Incident Report - April 16

Chatwoot experienced an incident on April 16 which lasted from 01:15pm to 03:24pm UTC. A spike in requests led to degraded services, causing some message events to be missed. This issue was not system-wide and impacted less than 1% of our active accounts, with fewer than 10 conversations affected in the majority of these accounts.

Our sincerest apologies for the disruption. Reliability is the top priority for us at Chatwoot. We have identified the risks and have taken steps to mitigate such events in future.

Timeline

All times are in Coordinated Universal Time (UTC)

April 16, 2024

1:15 PM: The high throughput alert (P1) for Sidekiq began, and the team started investigating the incident.
1:21PM: The queue was not draining quickly enough, so the incident was escalated to P0. Queue latency exceeded 5s.
1:40PM: The team identified the account causing the issue, initially attributing it to high website traffic.
2:00PM: More workers were added to process the queues faster, but new jobs continued to be added rapidly.
2:36 PM: The developer from the problematic account contacted us, revealing a bug in their system that caused a loop in the API calls.
3:08PM: The account causing the issue was suspended.
3:24PM: The system returned to stability.
4:15PM: Some users reported missing messages in their conversations.
5:00PM: The team discovered some jobs had gone missing during the incident.

April 17, 2024

The data lost during the event has been recovered. Our team has alerted the affected accounts describing the steps to share the lost data and the incident was resolved.

What happened

We observed an increase in message creation requests, resulting in a backlog of background jobs. Although we tried to address this by adding more workers to process the queue, the backlog kept growing.

We found that most of the background jobs were generated by a single account. We initially speculated that high website traffic and volume of conversations were to blame. However, we later identified a bug in the customer's system triggering the surge in message creation.

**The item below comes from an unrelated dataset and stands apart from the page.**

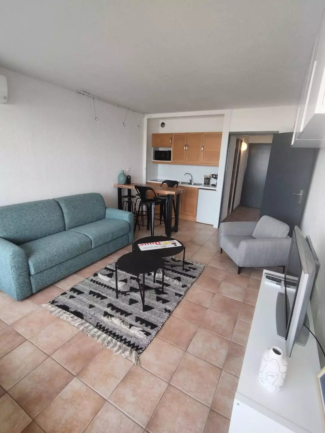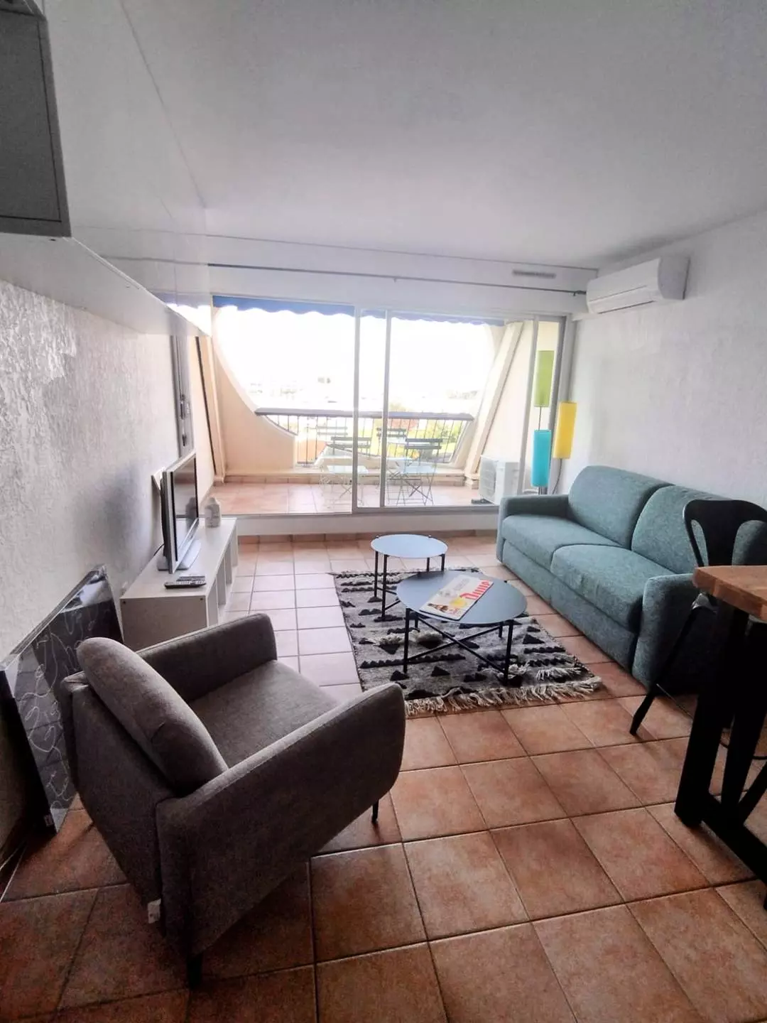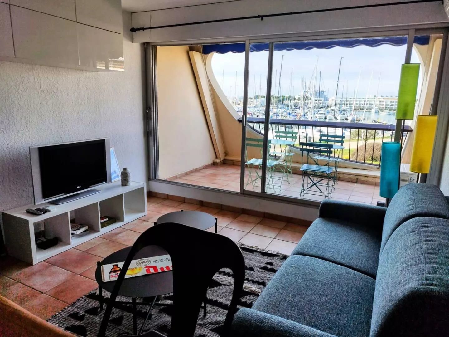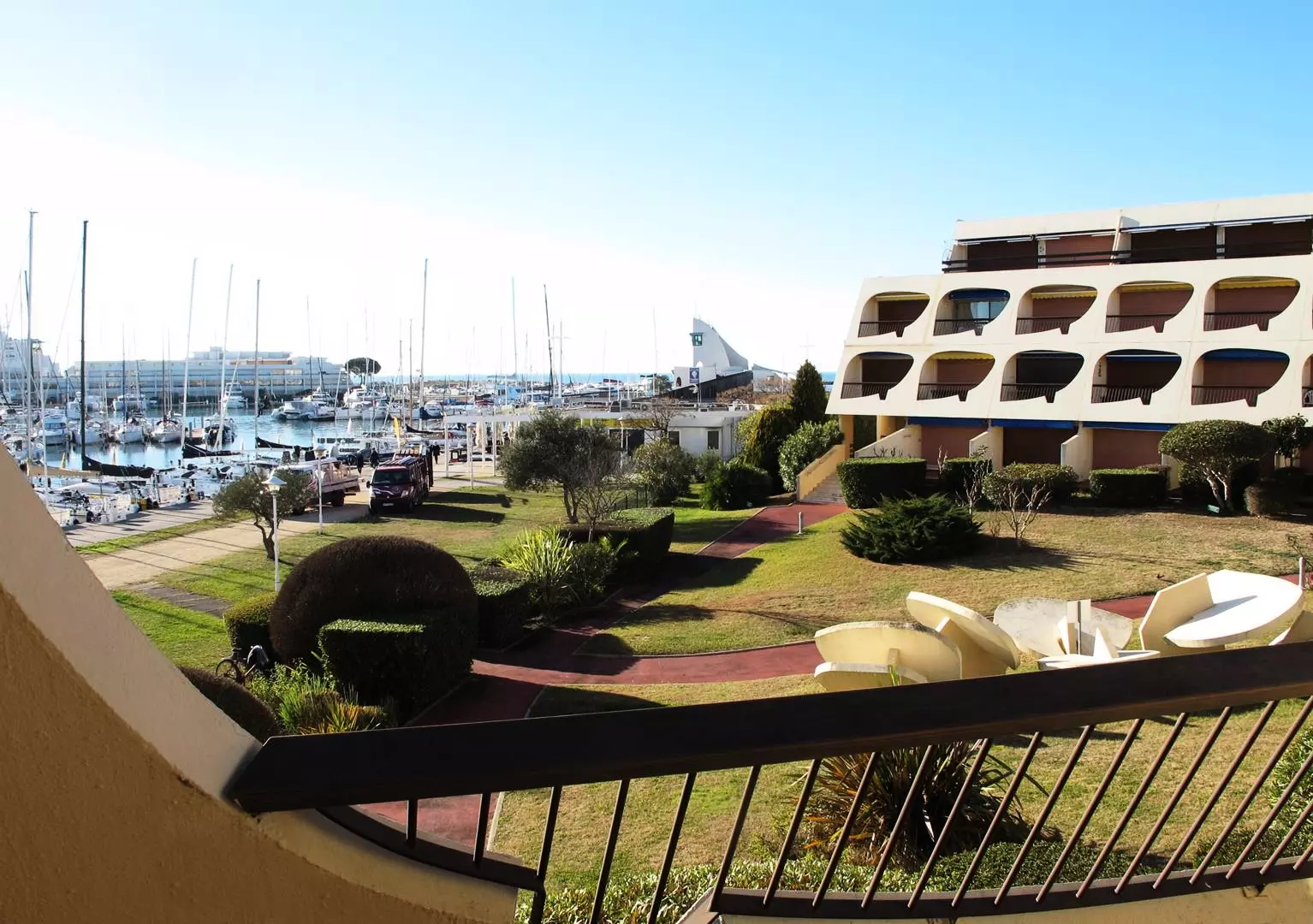 PLAGE NORD - Résidence ESCALE PORT, sécurisée avec piscine et parking commun. Joli studio cabine lumineux, au 1er étage donnant sur une terrasse avec belle vue sur le Port et les jardin. Un canapé convertible en 140 cm et un lit pliant d'appoint 1 couchage, TV et clim. Cuisine équipée (Micro-ondes, frigo top et plaque de cuisson), une cabine et salle d'eau avec WC. Plage à 100m, proximité commerces, restaurants et transports en commun. Animaux non admis. Meublé et équipé pour 3 personnes.
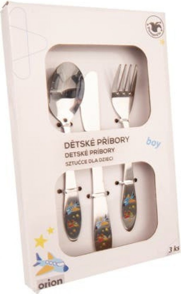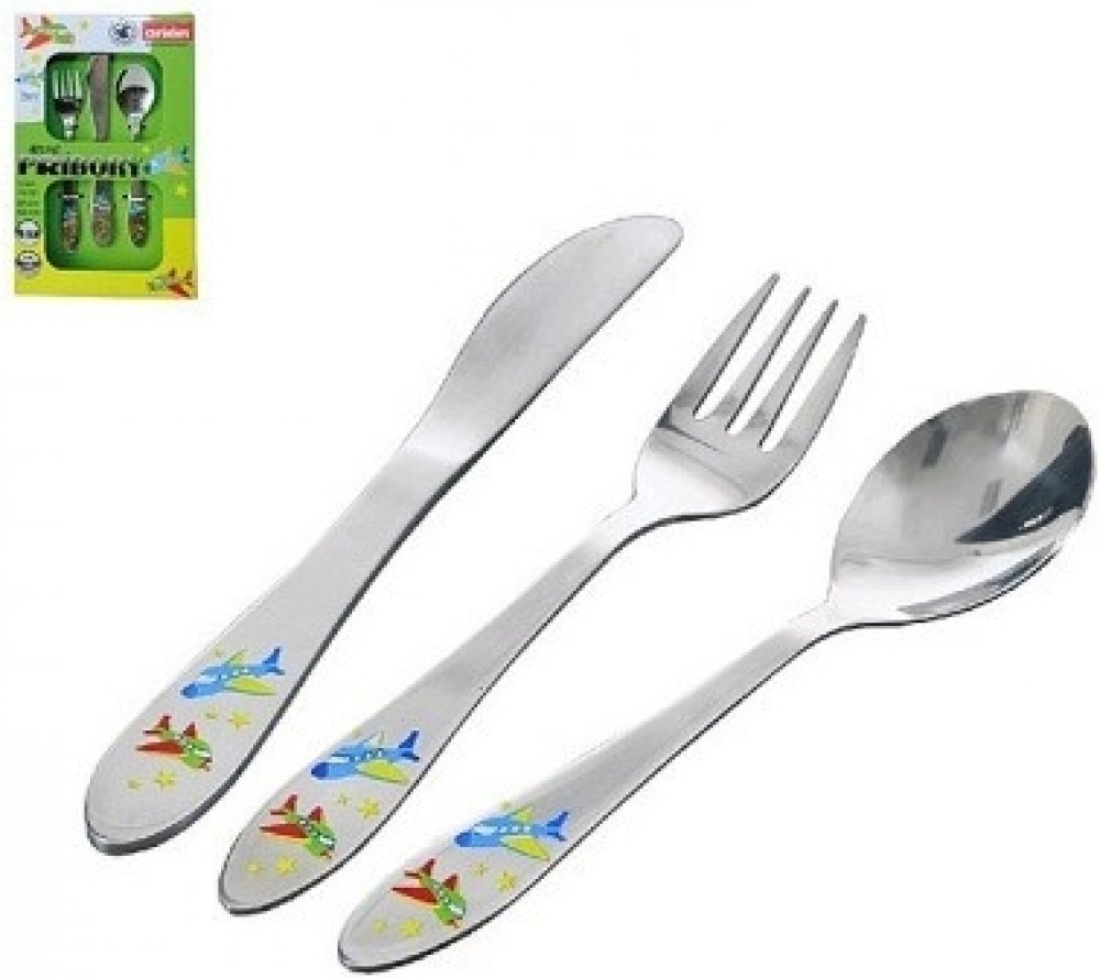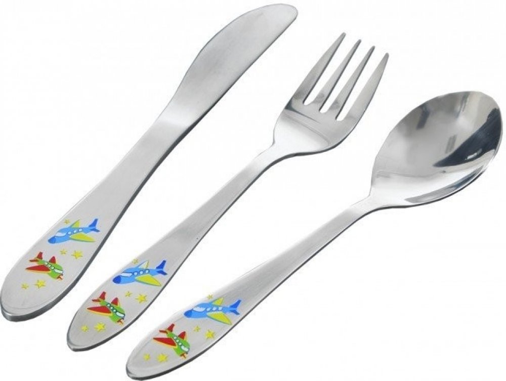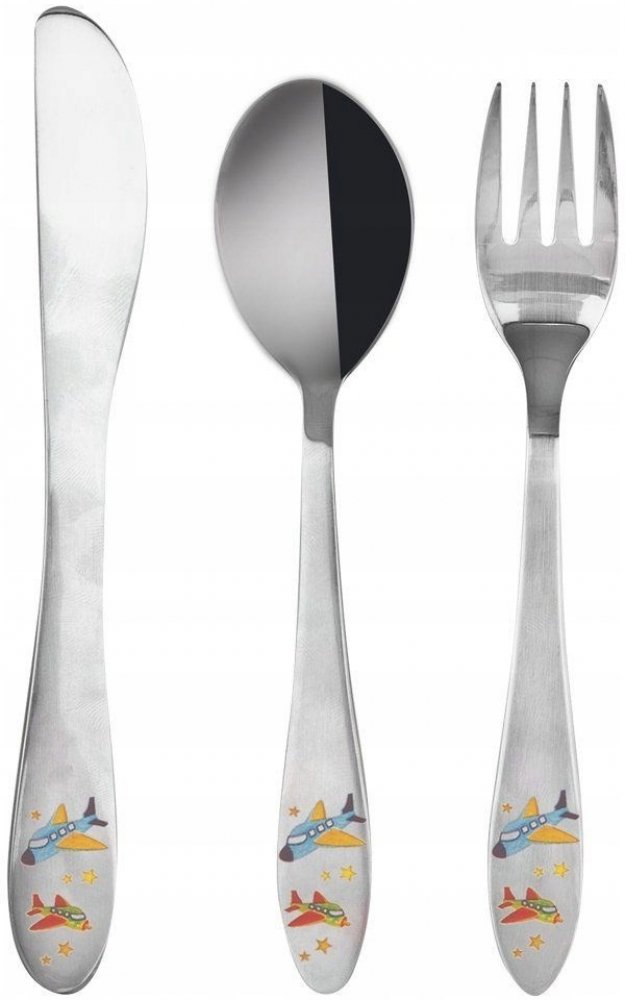 Dětský příbor s barevným dekorem letadel pro kluky. Tvar přizpůsobený dětem. Lze mýt v myčce na nádobí, ale nedoporučujeme, mohlo by dojít k porušení barevného dekoru, což později nemůže být důvodem reklamace.

This backlog resulted in a delay in message delivery, with latencies exceeding 5 seconds. However, after blocking the requests from the account, we were able to restore system back to a stable state.

During our investigation into the incident, we discovered that some received messages were not created in Chatwoot. We have also received similar reports from customers. After examining the logs, we found a significant number of missing jobs. This was an unexpected behavior and the first time we saw such an issue.

We queued the background jobs using Sidekiq, which utilizes Redis. In our Redis DB configuration, we set the eviction policy as allkeys-lru. A surge in events resulted in a memory overflow, causing Redis to evict keys based on this policy. Due to this, we lost a lot of jobs which were yet to be executed.

We were able to recover all of the missing message from our logs. Our initial plan was to restore as many messages as possible to their original conversations. However, we discovered that new messages have already been added to most conversations. As a result, importing the missing messages could lead to confusion for those managing the conversation.

We notified the customers impacted by the incident and offered them with an option to get an excel export of the messages that were missed during the incident.

Next steps:

The incident allowed us to identify the shortcomings in our systems. As a result, we will be updating our systems as follows.

Rate limiting for authenticated accounts: We already had a rate limited for unauthenticated users, however we will be adding better rate-limiting constraints for authenticated users as well. This will include a limit on the number of messages a user can create within a specific time frame.
Moving the database backed background jobs: We will be working towards a more persistent job queues for data-sensitive operations.